The cross-product of the normalized `PlanetToObject` and `CameraToObject` directions is perpendicular to both vectors and is, by definition, the normal of a plane that contains both. The cross product of the plane's normal (perpendicular to the plane) and `CameraToObject` (a vector in the plane) is a second vector in the same plane, perpendicular to the first; the net-result is a rotation of `CameraToObject` 90 degrees around the face normal.

Note: I may or may not have reversed the order of the cross-products, but you only need to worry about it at the very end; the yellow vector should point to the "right of the camera"; invert it if it doesn't.

This was one of the hardest screenshots I've tried to diagram over; I had given up on making it look right but will post it anyway, since I think you'll still get it.

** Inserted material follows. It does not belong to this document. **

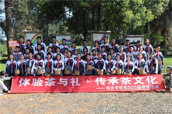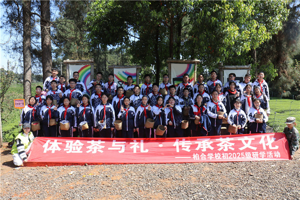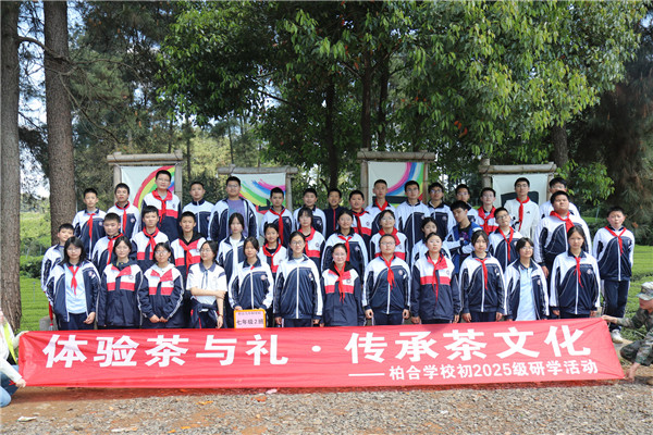 2026年3月31日,春光明媚,茶香漫野。成都市龙泉驿区柏合学校全体七年级师生走进成都市成佳茶乡三鑫茗苑,开展“体验茶与礼,传承茶文化”主题研学活动。在千亩茶园之间,同学们以双手采摘春天,以心灵感悟传统,完成了一场浸润着茶香的传统文化之旅。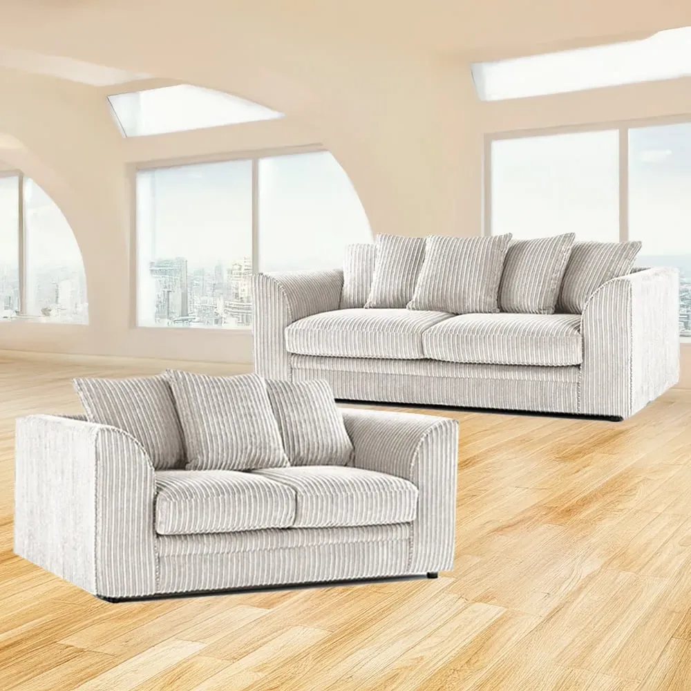 The sofa set offers comfort with its deep foam seating cushions and synthetic fibre-filled scatter back cushions. Its jumbo corduroy upholstery provides a soft texture, while the scatter back design adds relaxed support. The deep cushioning suits cosy evenings, and the cord fabric ensures durability. Requires minimum door width of 65cm.

[![enter image description here][1]][1]

Regarding quats:

Consider the specific wording of your question. "I want to rotate the image counter-clockwise". That's also saying that you want to rotate the camera clock-wise around `CameraToObject`. In that case, `CameraToObject` is the Quaternion's vector component, and "90 degrees" is the scalar component. Quaternions *twist* inputs around their vector component by the angle stored in their scalar component. Visualize the earth spinning on it's axis; it only has one axis to spin on so the only question left is "How much?"